A new BBC Two series on sacred sites has just been launched, ending a year in which holy places have enjoyed a relatively high profile on the television.

Sacred Wonders of Britain, presented by archaeologist Neil Oliver, takes a historian's perspective on the subject as one might imagine. The programme was shown on BBC Two at 8.30pm on 30 December, and is available on iPlayer for a few weeks.

Neil Oliver was certainly in his element in the first episode, which looked at Stone Age sites from across the country. Avebury, Stonehenge and Orkney's stone circles are familiar territory, icons of a mysterious past that fascinates us as much as it continues to puzzle.

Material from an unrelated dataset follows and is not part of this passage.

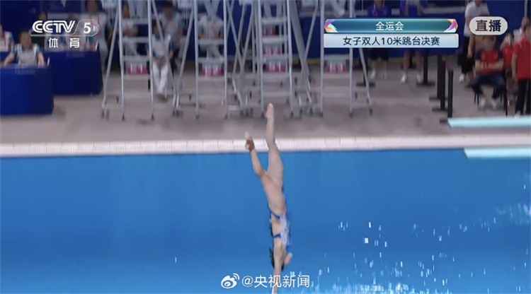 第十五屆全國(guó)運(yùn)動(dòng)會(huì)跳水項(xiàng)目女子雙人10米臺(tái)決賽6日晚在廣東奧林匹克體育中心舉行,最終,上海隊(duì)組合陳芋汐/掌敏潔以350.22分奪得金牌,四川隊(duì)組合李蕊汐/盧為以322.44分奪得銀牌,江蘇隊(duì)組合劉軍熙/孟澤瑞以316.44分摘銅。廣東隊(duì)組合全紅嬋/王偉瑩獲得第五名,成績(jī)?yōu)?11.76分。(圖片截自央視節(jié)目)
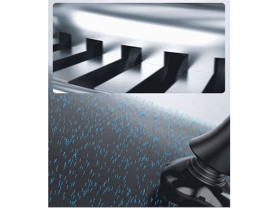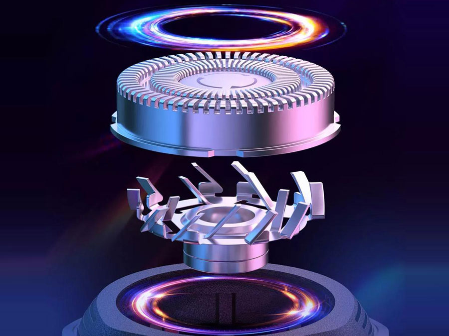 این دستگاه مجهز به سه سری تیغه مستقل با لبههای ظریف و تیز است که قابلیت جدا شدن برای شستشوی کامل را دارا میباشند. برای هر تیغه، حلقههای توری دوتایی در نظر گرفته شده که فاصله ایمن بین پوست و تیغه را حفظ کرده و از هرگونه آسیب به پوست جلوگیری میکند. سیستم تعلیق این ریشتراش به صورت شناور سهبعدی طراحی شده که به تیغهها امکان حرکت مستقل و تطبیق با فرم منحنیهای صورت را میدهد. این قابلیت، اصلاح 360 درجه در تمامی نقاط صورت را ممکن میسازد.

Undoubtedly the greatest problem with describing the rituals, traditions and beliefs of our ancient ancestors is that we have almost no idea what these were. The first scraps of written information about Britain come from the Romans, several thousand years after many of our most evocative ancient sites were built. Neil Oliver tried a number of theories during his grand tour. A few touched on some of the eternal questions that religions try to answer, passing references that were more thought provoking than informative (review in the Daily Mirror).

Neo-pagans have made attempts in recent years to recreate or reinvent some of these beliefs, and with such a tempting and largely blank canvas to fill the creative process seems set to continue. One of the advisers to the programme is Professor Ronald Hutton, an expert and adherent of this revival movement.

Quite what Neil Oliver will make of Britain's Christian heritage in the remaining two programmes remains to be seen. It is possible the three-part series is only going to address our most recent 2,000 years of spiritual history in a single episode, and terminate the narrative at the Reformation. It is an alternative view to treat our country's many great religions as a sort of spiritual fossil, lifeless artefacts from an unfamiliar past. Our own series on Britain's Holiest Places stressed a continuity of use that is just as accessible and relevant today as it was to previous generations. Archaeologists perhaps feel most comfortable among the dead, but to my mind any truly holy place remains very much a place for the living.